▶ [Information supplied]

=== Begin Enclosure ===

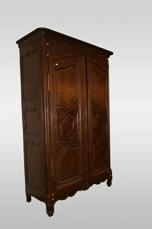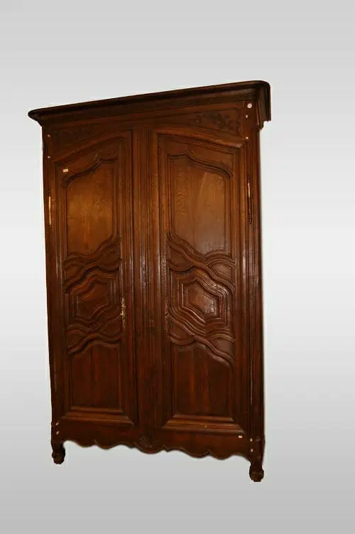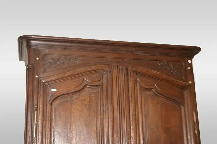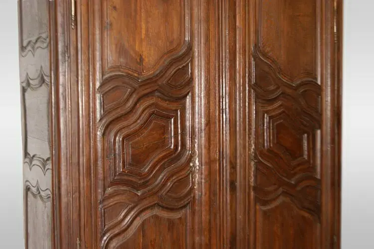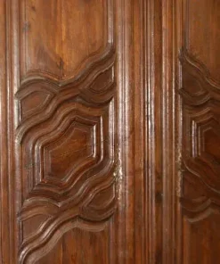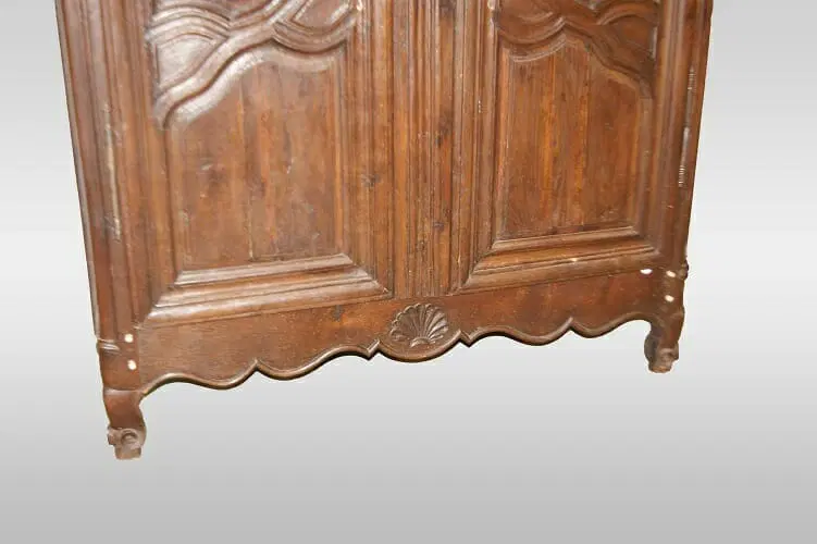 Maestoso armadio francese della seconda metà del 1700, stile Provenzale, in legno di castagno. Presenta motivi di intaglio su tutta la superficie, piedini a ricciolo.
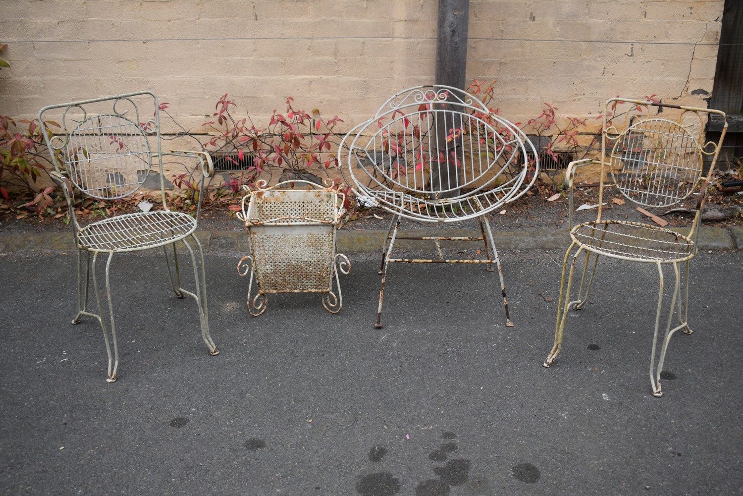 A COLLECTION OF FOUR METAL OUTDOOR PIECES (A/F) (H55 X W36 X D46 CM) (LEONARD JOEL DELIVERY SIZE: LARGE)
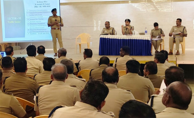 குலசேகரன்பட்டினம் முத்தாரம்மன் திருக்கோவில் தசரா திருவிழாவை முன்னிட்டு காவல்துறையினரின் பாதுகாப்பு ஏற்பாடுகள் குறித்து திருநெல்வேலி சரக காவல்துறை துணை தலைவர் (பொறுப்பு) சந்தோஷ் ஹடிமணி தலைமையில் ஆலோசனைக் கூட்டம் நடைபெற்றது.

=== End Enclosure ===

Pictures are to be omitted. Print exactly the lines from the line containing "A COLLECTION OF" through the final line of the material above, both included.

▶ [Written answer]
 A COLLECTION OF FOUR METAL OUTDOOR PIECES (A/F) (H55 X W36 X D46 CM) (LEONARD JOEL DELIVERY SIZE: LARGE)
 குலசேகரன்பட்டினம் முத்தாரம்மன் திருக்கோவில் தசரா திருவிழாவை முன்னிட்டு காவல்துறையினரின் பாதுகாப்பு ஏற்பாடுகள் குறித்து திருநெல்வேலி சரக காவல்துறை துணை தலைவர் (பொறுப்பு) சந்தோஷ் ஹடிமணி தலைமையில் ஆலோசனைக் கூட்டம் நடைபெற்றது.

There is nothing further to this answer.